ASSIGNED TASK: Look through the entries below for the line with "Детские теплые зимние" and the line with "The InStyle 45", then give again exactly those two lines and all lines between them, minus the pictures.

EXERCISE MATERIALS:
++++++++
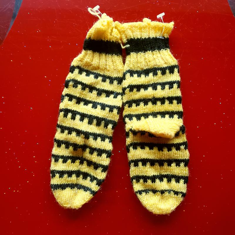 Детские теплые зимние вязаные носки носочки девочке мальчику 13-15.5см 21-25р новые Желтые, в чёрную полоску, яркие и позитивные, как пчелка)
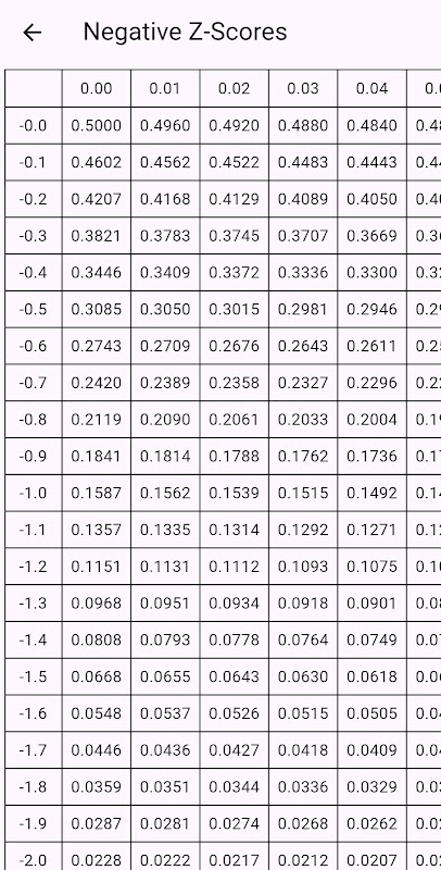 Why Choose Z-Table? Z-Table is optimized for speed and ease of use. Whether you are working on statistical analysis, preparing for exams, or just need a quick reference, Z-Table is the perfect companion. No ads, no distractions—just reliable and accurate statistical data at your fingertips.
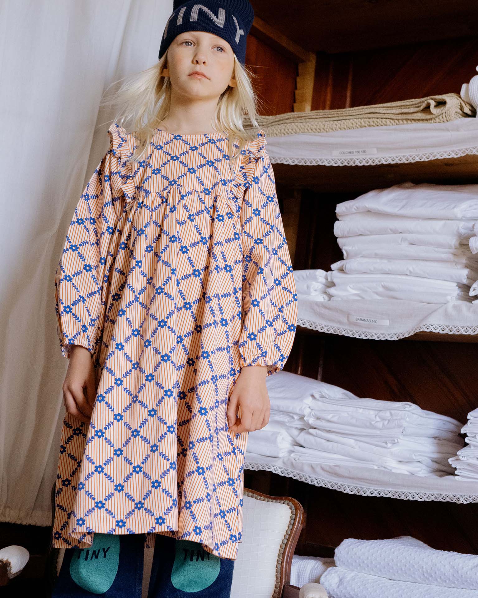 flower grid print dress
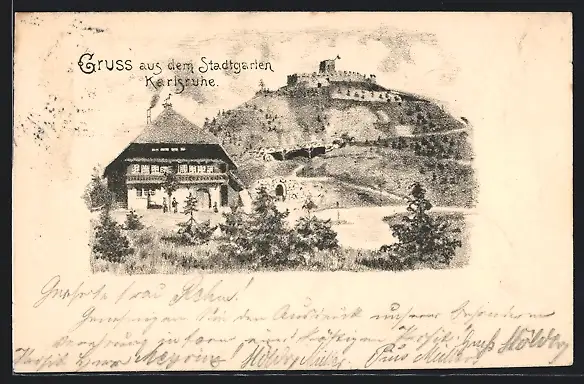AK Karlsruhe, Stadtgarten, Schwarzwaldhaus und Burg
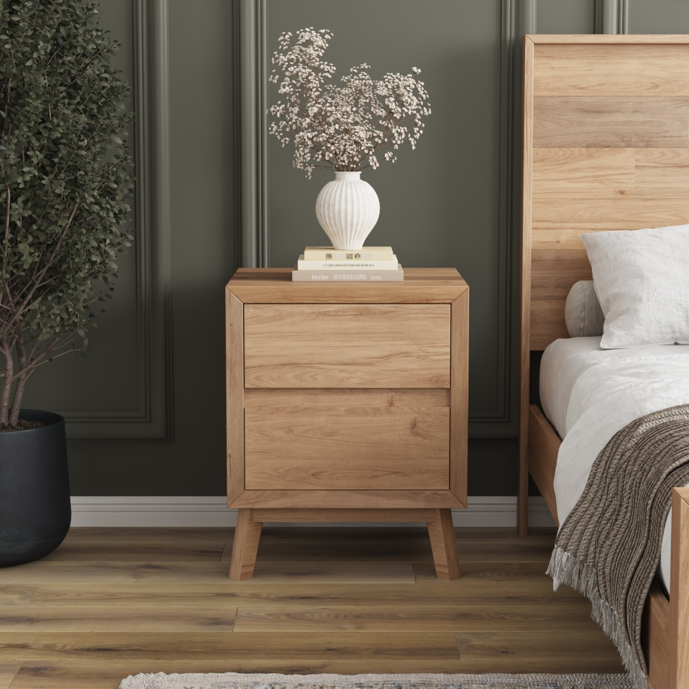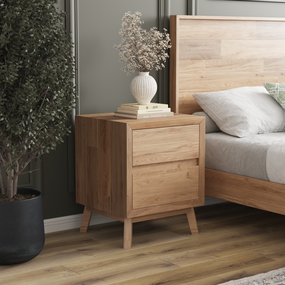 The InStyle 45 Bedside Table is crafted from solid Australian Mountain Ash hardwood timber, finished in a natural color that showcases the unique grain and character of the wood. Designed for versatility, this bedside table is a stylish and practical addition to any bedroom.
++++++++
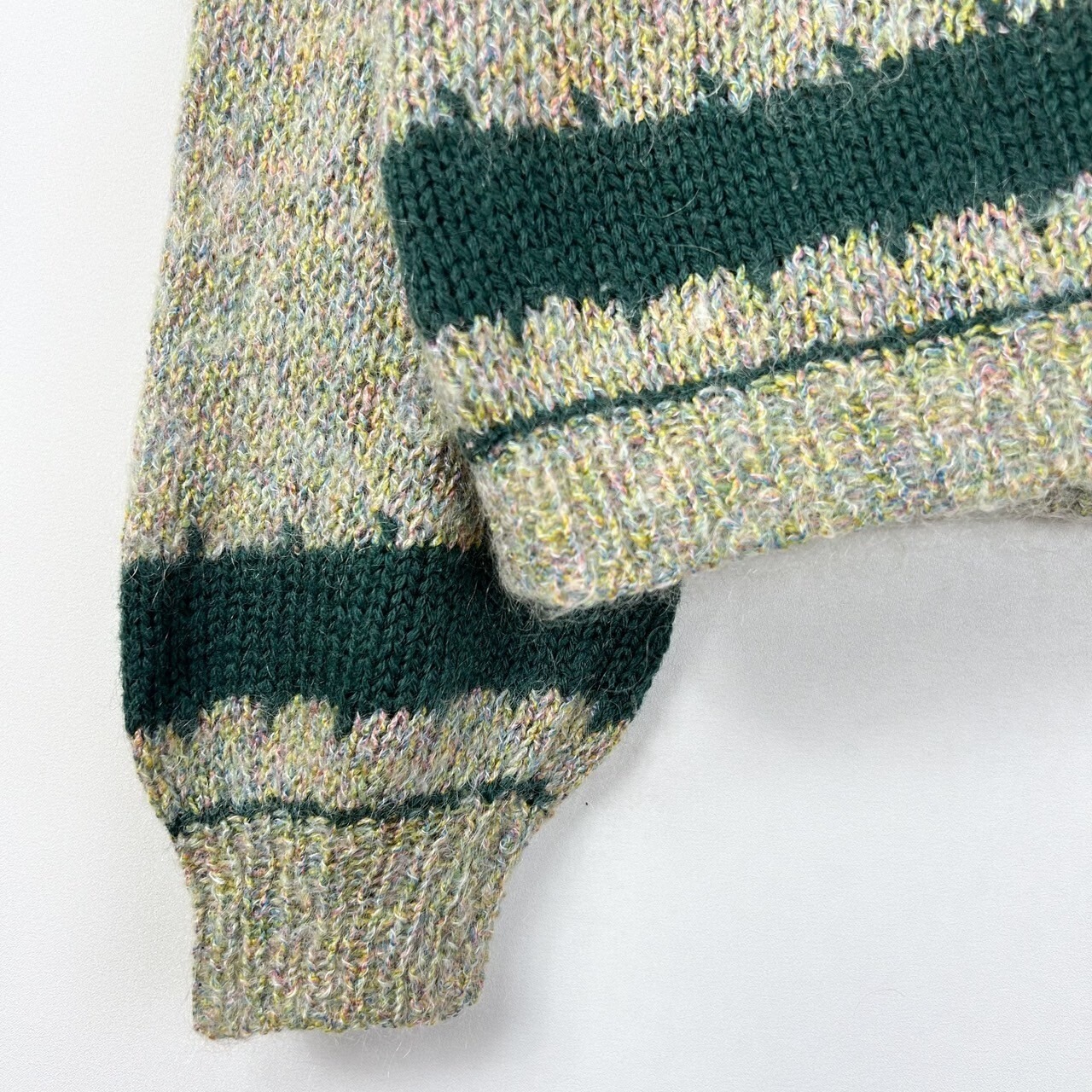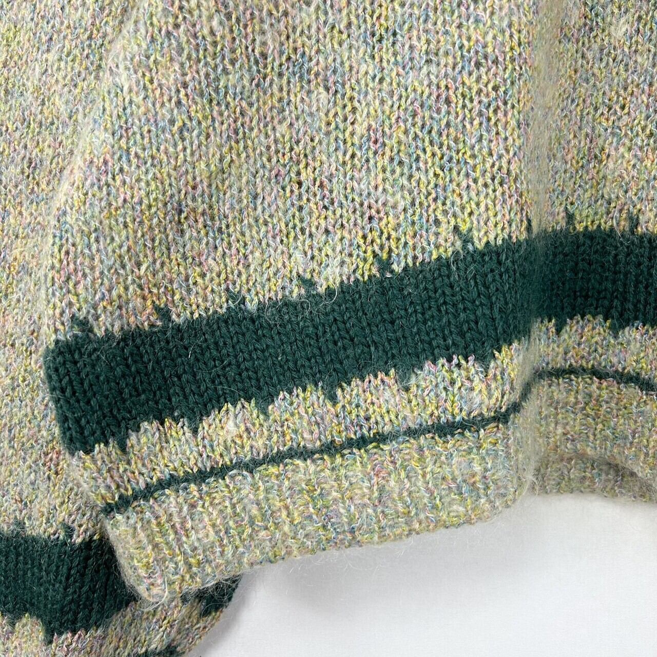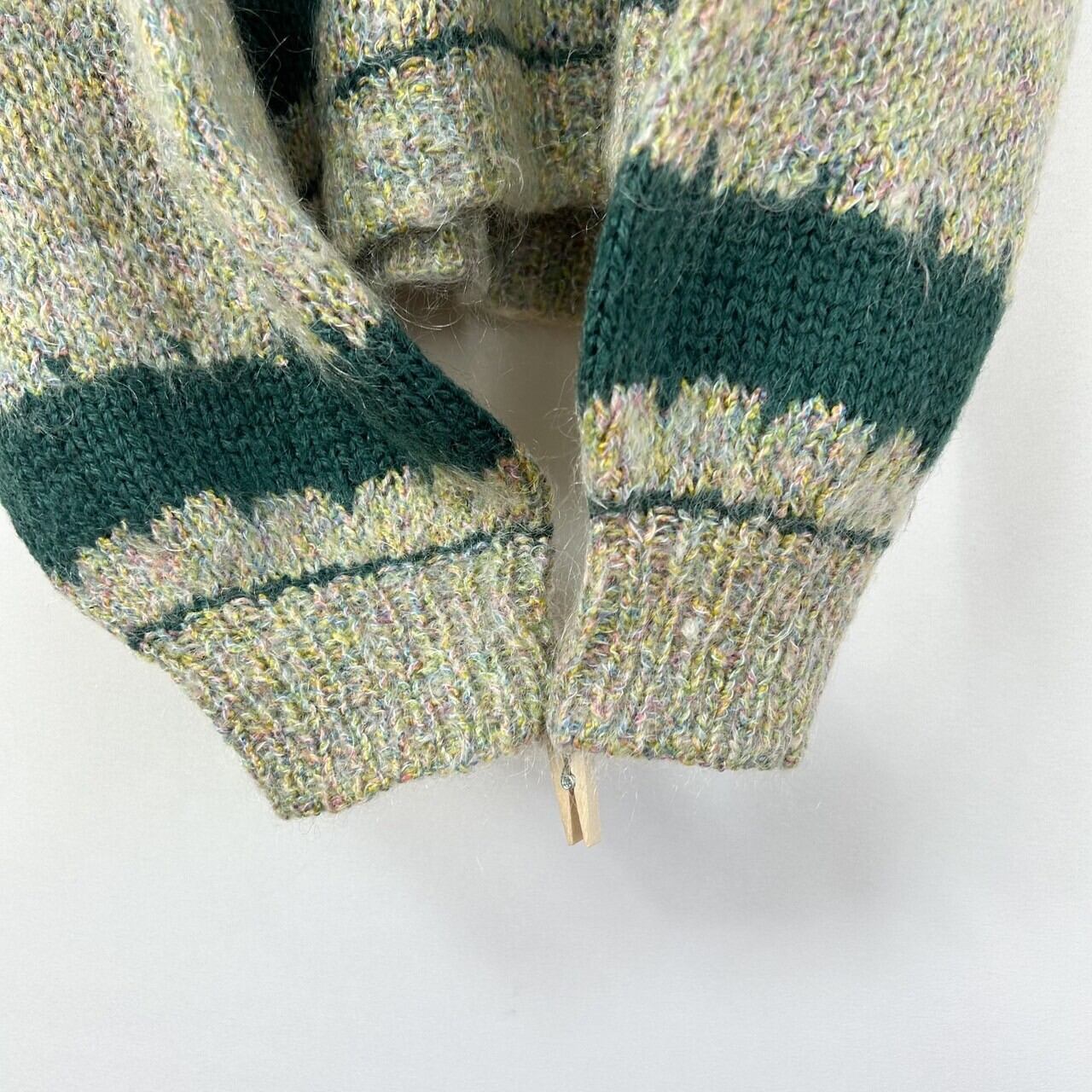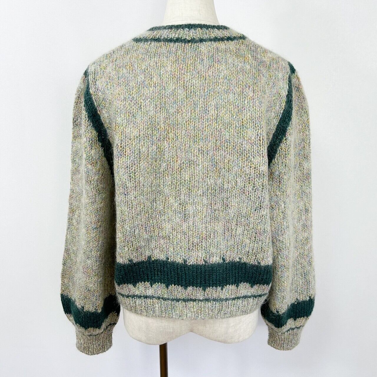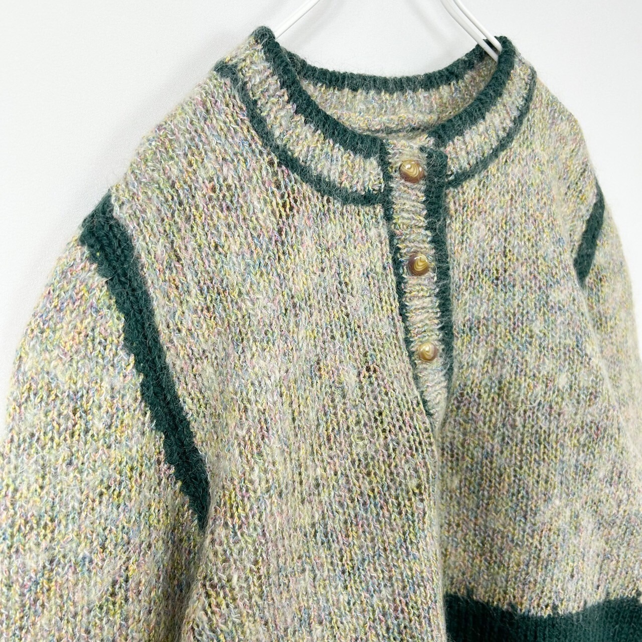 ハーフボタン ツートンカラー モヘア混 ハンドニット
++++++++
SOLUTION TO THIS PROBLEM:
 Детские теплые зимние вязаные носки носочки девочке мальчику 13-15.5см 21-25р новые Желтые, в чёрную полоску, яркие и позитивные, как пчелка)
 Why Choose Z-Table? Z-Table is optimized for speed and ease of use. Whether you are working on statistical analysis, preparing for exams, or just need a quick reference, Z-Table is the perfect companion. No ads, no distractions—just reliable and accurate statistical data at your fingertips.
 flower grid print dress
AK Karlsruhe, Stadtgarten, Schwarzwaldhaus und Burg
 The InStyle 45 Bedside Table is crafted from solid Australian Mountain Ash hardwood timber, finished in a natural color that showcases the unique grain and character of the wood. Designed for versatility, this bedside table is a stylish and practical addition to any bedroom.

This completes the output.